Another area where Israeli firms are increasing their sales is in medical response to biological and chemical attacks.

Dexon, a privately owned pharmaceutical company, is producing 24 million tablets of various medicines daily, and is currently supplying the United States with Doxycycline for treatment of anthrax. Dan Oren, chief executive of Dexon, estimates this year’s sales will increase from $56 million to $70 million, and will reach $200 million by 2005.

The manager of one security company, who requested anonymity, said there are several areas in which other countries could benefit from Israel’s products and expertise. But he warns that directors of Israeli companies should not think they are the only ones who can supply adequate security products to the rest of the world.

“There are certain items [for which] Israel can find a niche, but there are many instances where similar items available in America are better,” he said. For example, Israel is not as experienced at producing electro and magnetic sensors, and fences and closed-circuit TV systems are also cheaper in the United States.

According to this manager, who has a rich resume in representing Israeli security industries, Israel is competitive in the fields of ground radar, night vision and night cameras, and night-vision products.

He also believes that the country’s rich experience in training security guards and anti-terror combatants is certainly an area where foreigners look up to Israel.

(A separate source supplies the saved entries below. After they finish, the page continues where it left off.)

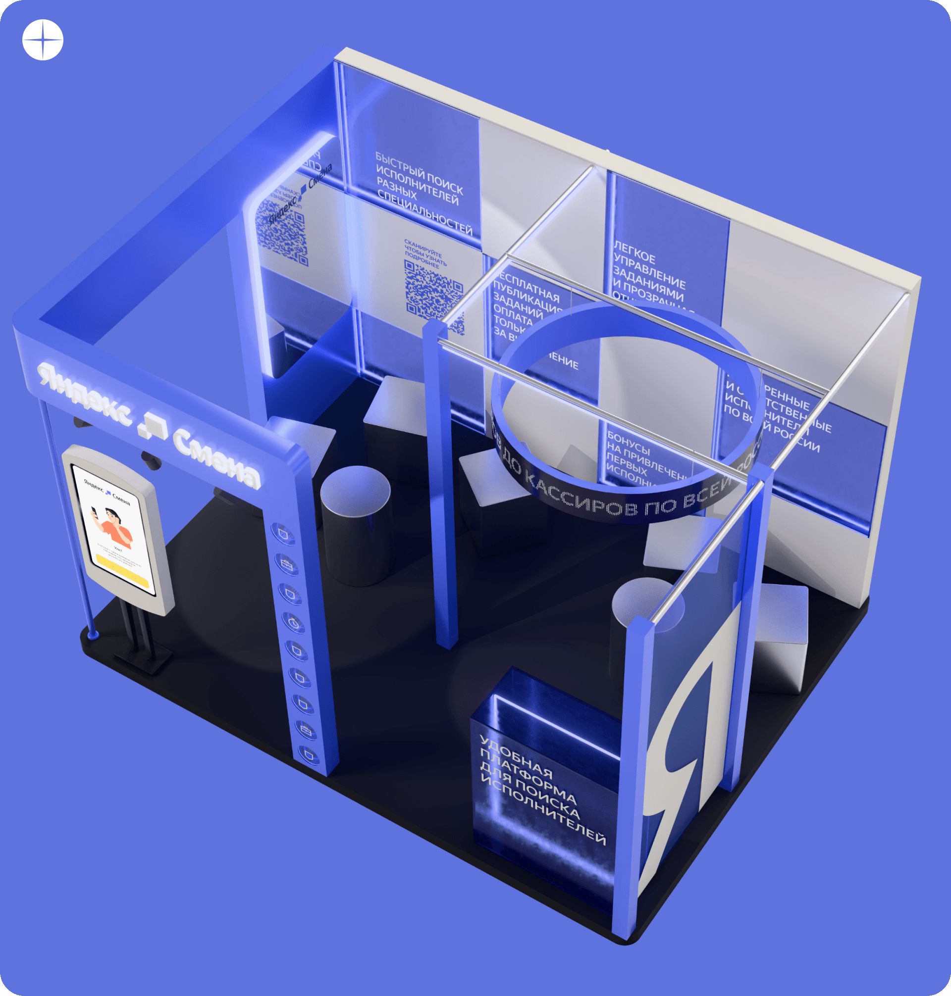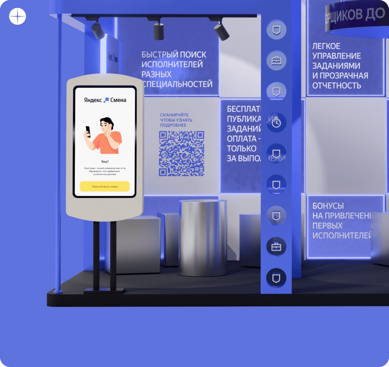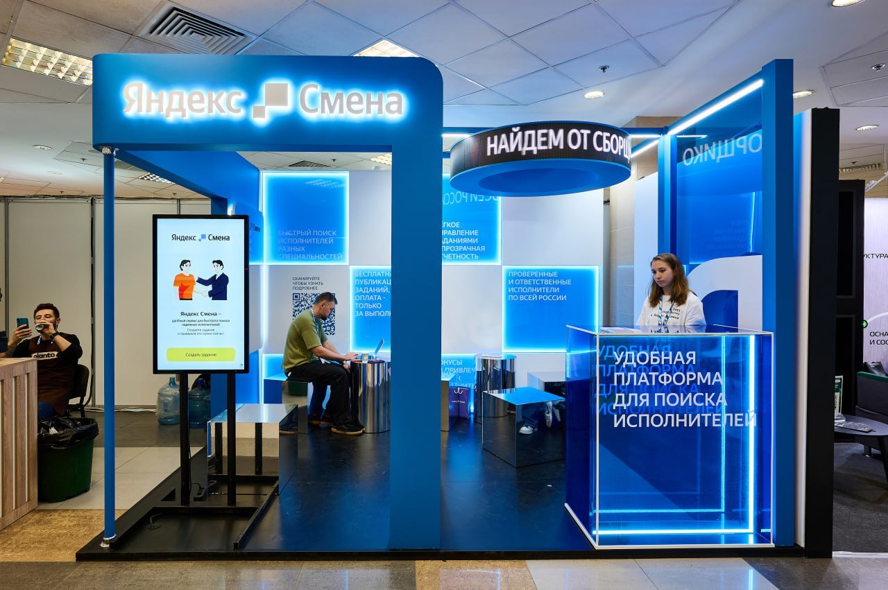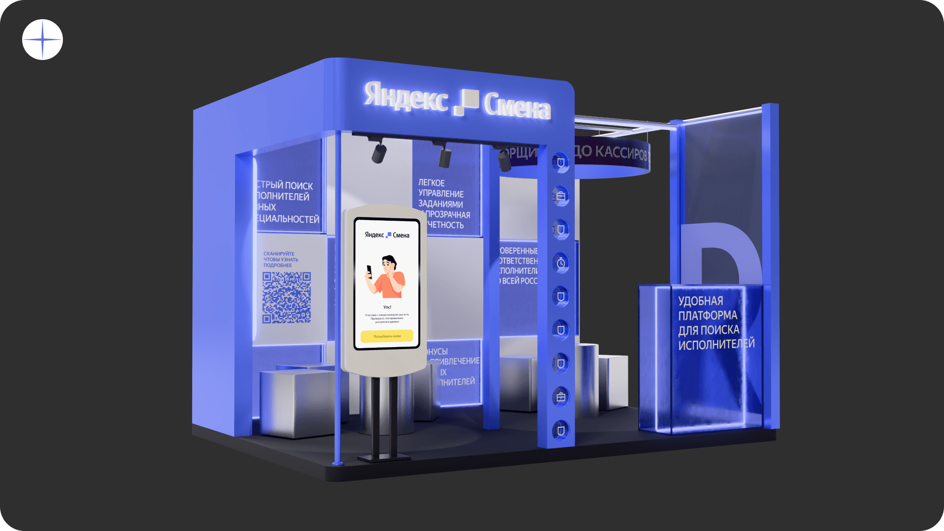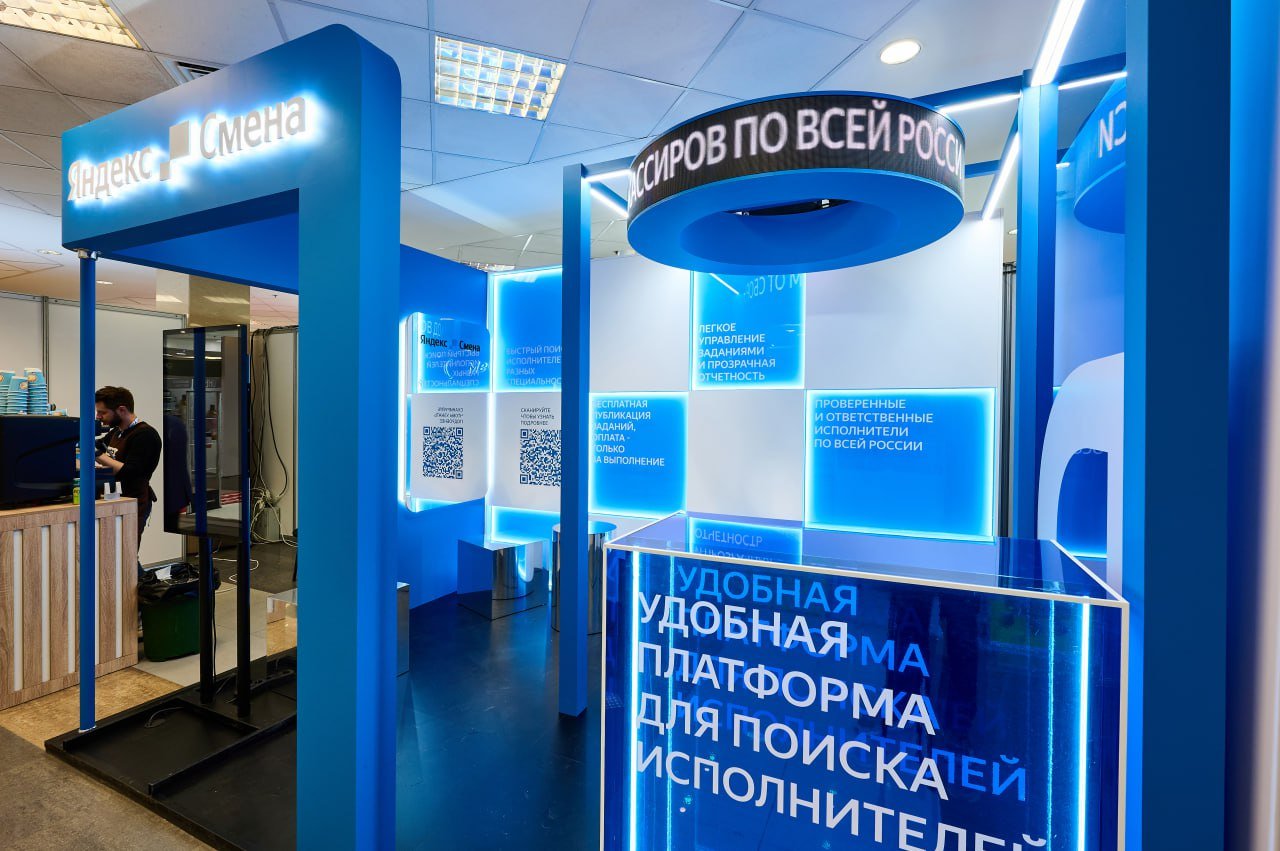Создать экспозицию, которая ярко и технологично представляет сервис «Яндекс Смена» как удобную платформу для подбора исполнителей по всей России.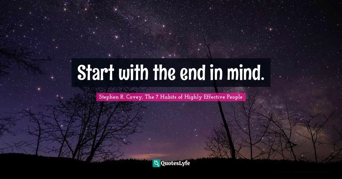 Think before you act That is especially true in this case where that act is your life. Begin with the End in Mind means to begin each day task or project with a clear vision of your desired direction and destination and then continue by flexing your proactive muscles to make things happen. Begin With the End in Mind means to start with a clear understanding of your destination. Begin With The End In Mind Hindi - Stephen Covey - Habit 2 Chapter Summary - YouTube. It means to know where youre going so that you better understand where you are now and so that the steps you take are always in the right direction. - Stephen Covey. It asks that you start everything you do. To begin with the end in mind is the second of the seven habits that New York Times bestselling author Dr. Think before you act That is especially true in this case where that act is your life.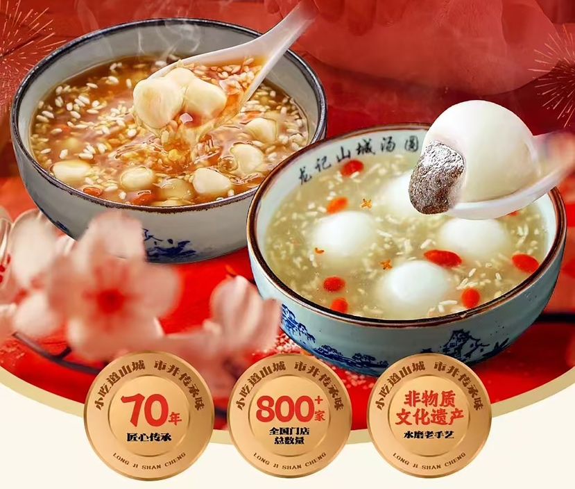 火遍全国的龙记山城汤圆第一家门店始于1947年,历经四代传承,总门店数突破800家。颜值和味道都在线,一定能俘虏吃货们的“胃”!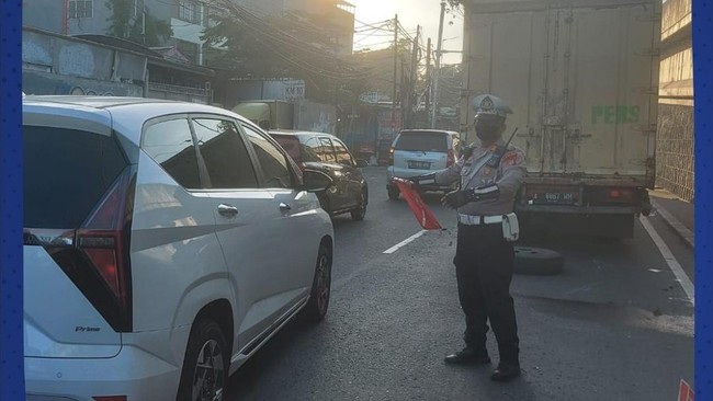 Dilihat detikcom melalui foto yang diunggah TMC Polda Metro, terlihat petugas sudah berada di lokasi untuk melakukan pengaturan lalu lintas. Terlihat ban truk berada di belakang kendaraan tersebut. Sementara itu lalu lintas terpantau tersendat.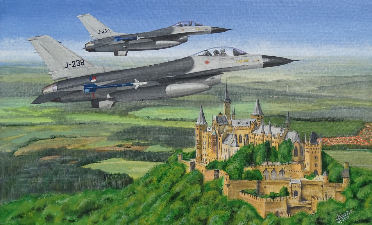 Twee vroege Nederlandse F16's boven Burg Hohenzollern.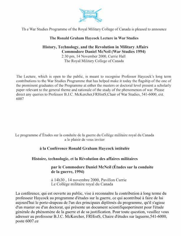 La conférence, qui est ouverte au public, vise à reconnaître la contribution à long terme du professeur Haycock au programme d'études sur la guerre, ce qui a contribué à faire de lui aujourd'hui le porte-drapeau de l'un des principaux diplômés du programme, qu'il s'agisse d'un master ou d'un doctorat, qui présente un document scientifique pertinent pour l'étude générale du phénomène de la guerre et de sa justification. Pour toute question, veuillez vous adresser au professeur B.J.C. McKercher, FRHistS, Chaire d'études sur la guerre, 541-6000, poste 6007.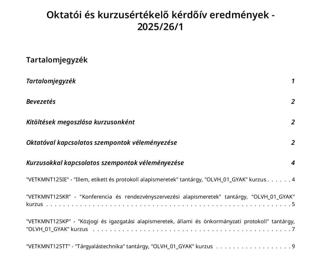 Célja: Az oktatói munka és a tantárgyak színvonalának hallgatói visszajelzéseken alapuló értékelése.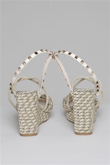 - Salto anabela inferior de altura elevada e inteiramente revestido por cordas metalizadas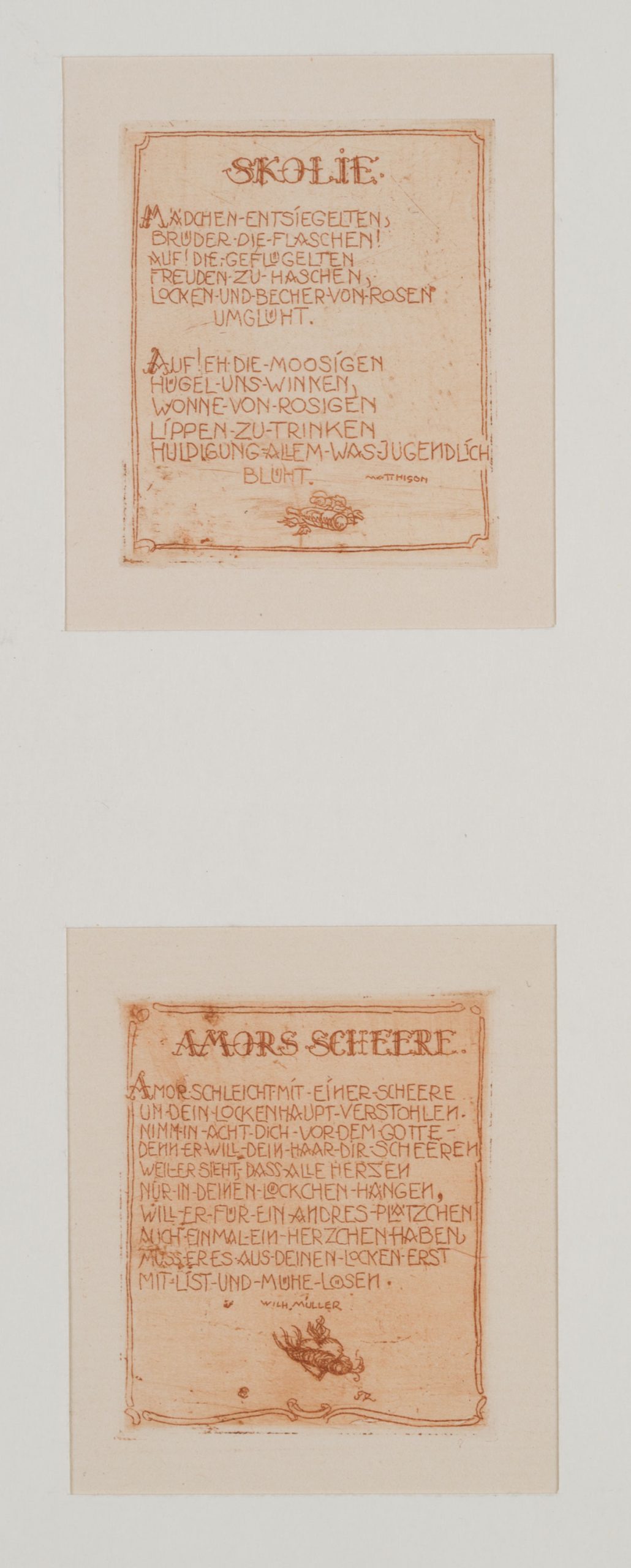 • Description: Monogrammed below the song “Amors Scheere” “E.TH.”. Four small prints from “Neun anakreontische Lieder. 20 etchings by Erwin THEERMANN, 1925”. Please also note our further offer on this series of prints. Erwin THEERMANN, born in 1905, went to Munich as a young man to devote himself to art history and the study of the arts. Already as a teenager he dedicated himself to graphic art, which he continued during his years in Munich. Preferring small formats in particular, THEERMANN succeeds in telling stories in comparably small pictorial spaces.
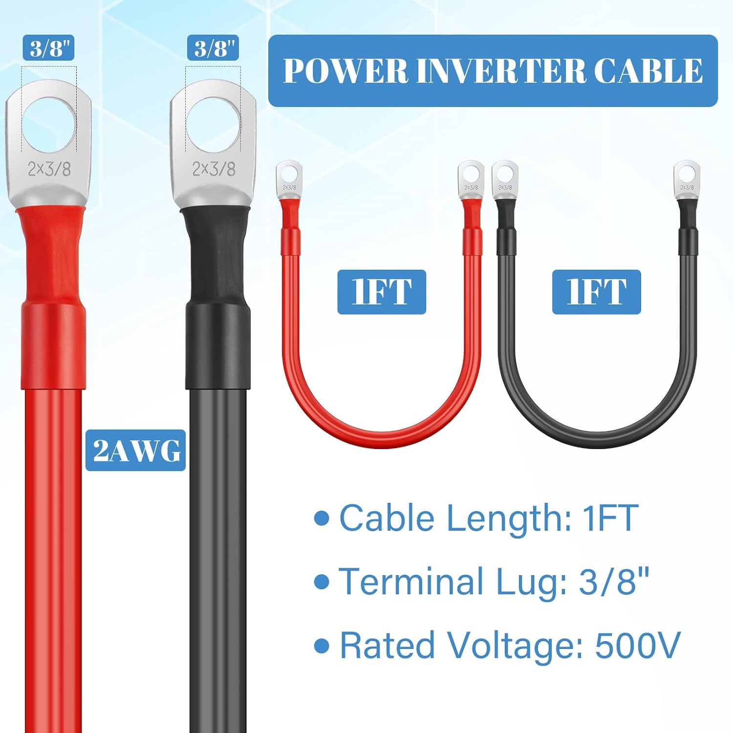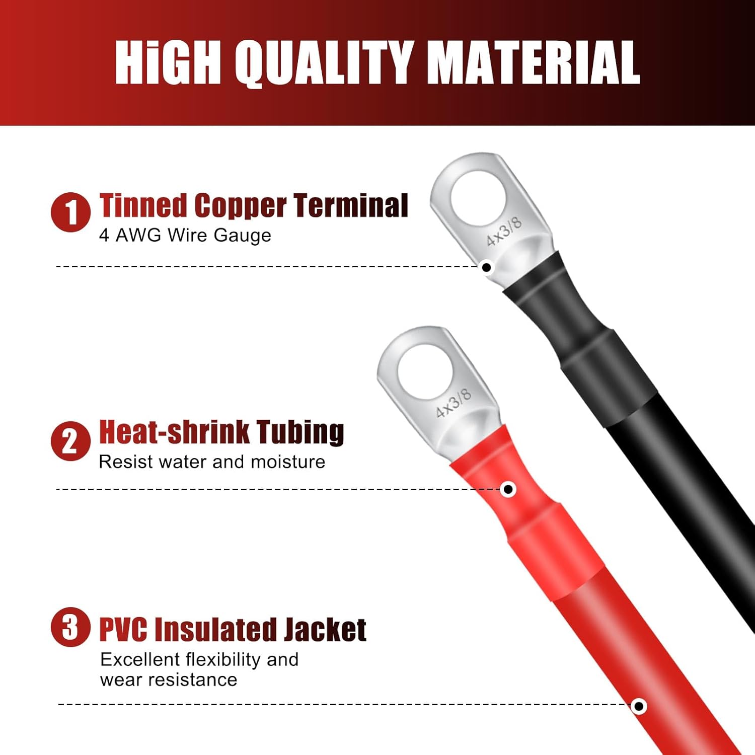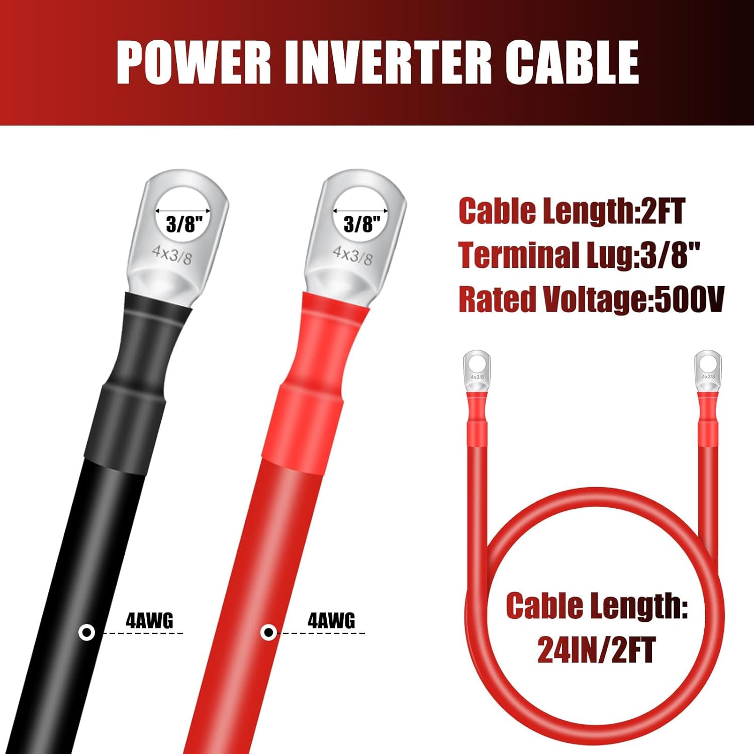 Com um comprimento de aproximadamente 1 pé, cada cabo possui terminais de 3/8 polegadas em ambas as extremidades, facilitando a instalação e o uso. Esses cabos são versáteis e podem ser aplicados em diversas situações, como em automóveis, caminhões, sistemas solares, RVs, motocicletas, cortadores de grama e embarcações. A capacidade de suportar mais de 200 A de corrente torna esses cabos uma escolha confiável para suas necessidades elétricas.

“We can think in the mind of the terrorists, and in this matter our experience is very important,” said the manager, a former air marshal for El Al. “Foreign bodyguards don’t learn how to deal with bombs. It isn’t like McGyver [the American TV hero] trying to remember if it is the blue or the green wire to cut. Here our training for bodyguards includes learning how to really deal with bombs.”

Still, some in the security profession here fear that any hysteria-sparked potential profits may wane once Osama bin Laden and al-Qaida is eliminated. So Israeli businesses are looking ahead to see how they can find their place in the post-Sept. 11 security business world.

Bill Hutman, head of Armor Group’s Middle East division based in Nicosia, Cyprus, said all indications show that security awareness will not drop over time – quite the contrary.

“The security world will never be the same,” said Hutman, whose company provides solutions for global security risks and business intelligence. “Prior to Sept. 11, the issue of security for many companies was not a priority. Now most international companies are making it a higher priority, even those who deal solely in Europe or the United States.